The Disaster Response Pipeline project creates a web app to leverage an ML model that analyzes messages sent during a natural disaster, and classifies them according to the type of need/aid being requested. The Webapp provides statistics on the types of messages used to train the model, and allows users to evaluate new messages and how they would be classified by the model.
The project should run on deployments of Python versions 3.*. An environment.yml is provided in case of deploying on a new environment,
For instance, the environment.yml file can be used to create a conda environment with required packages via:
conda create -n myenv --file environment.yml
-
To run ETL pipeline that cleans data and stores in database:
python data/process_data.py data/disaster_messages.csv data/disaster_categories.csv data/DisasterResponse.db
-
To train and export model:
python models/train_classifier.py data/DisasterResponse.db models/classifier.pkl
-
To execute the web application just run the following command in the app's directory:
python run.py
-
Go to the provided address for the website. Ex: http://0.0.0.0:3001/
This project was created as part of the assignments of Udacity's Data Science Nanodegree. The Disaster Response Pipeline project involves analyzing data from messages sent during a natural disaster via social media, news and other means.
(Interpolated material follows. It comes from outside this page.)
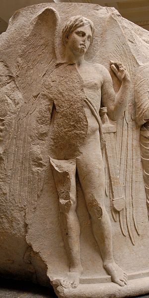 Η αρχαιοελληνική θεότητα με το όνομα Θάνατος δεν είναι πλάσμα του Κάτω Κόσμου και συνεπώς παίρνει μορφές πολύ πιο αφηρημένες. Γιός της Νυκτός και δίδυμος αδελφός του Ύπνου (Σ.τ.Μ: κατά τον Ησίοδο), ήταν υπεύθυνος για την μεταφορά των θνητών στον Κάτω Κόσμο. Μια μαρμάρινη στήλη του 4ου αιώνα στον ναό της Αρτέμιδος στη Έφεσσο τον απεικονίζει σαν όμορφο φτερωτό νέο με σπαθί μέσα σε θήκη που φοράει γύρω από τη μέση του. Σε αντίθεση με τους θεούς του Κάτω Κόσμου, ο Θάνατος έχει διαμεσολαβητικό ρόλο, εξ ου και το αξιωσημείωτα όμορφο παρουσιαστικό του. Δεδομένου ότι οι Έλληνες φιλόσοφοι πρέσβευαν τη σχέση ανάμεσα στο όμορφο και το καλό, η αναπαραστάση στην τέχνη του Θανάτου ως όμορφου στην όψη, λεπτεπίλεπτου αγοριού μαρτυρά την ανάδυση μιας νέας θεώρησης του θανάτου που ενστερνίζεται την αναγκαιότητα της ύπαρξής του ως ένα από τα νήματα με τα οποία υφαίνουν οι Μοίρες την πολύπλοκη ανθρώπινη ύπαρξη.

The goal of this project is to build a Machine Learning pipeline capable of ingesting and cleaning the original data and building a NLP model capable of categorizing future messages in terms of what type of need they might relate to, providing support to the different teams involved in disaster relief by providing a way to quickly classify messages being sent in real time.
The home page of the web application will show overall statistics of the messages used to train the model, like the one presented below:
A message dialog is also provided in order to classify new messages. Once submitted, the resulting categories matched for the message will show in a screen like the one below:
The following structure of files is present on this repo:
├── app
│ ├── run.py # Web app startup script
│ └── templates
│ ├── go.html
│ └── master.html
├── data
│ ├── disaster_categories.csv # Original categories used for model training
│ ├── disaster_messages.csv # Original messages used for model training
│ ├── DisasterResponse.db # Database of messages
│ └── process_data.py # Code to load, clean data and export it to database
├── environment.yml
├── LICENSE
├── models
│ ├── classifier.pkl # Pretrained model
│ └── train_classifier.py # Code to train and save model
└── README.md # This README
The data used for the analysis is provided by Figure Eight. This work is part of an assignment for the Data Science Nanodegree offered by Udacity.
The code for this project is available at Github.
This project is distributed under MIT License.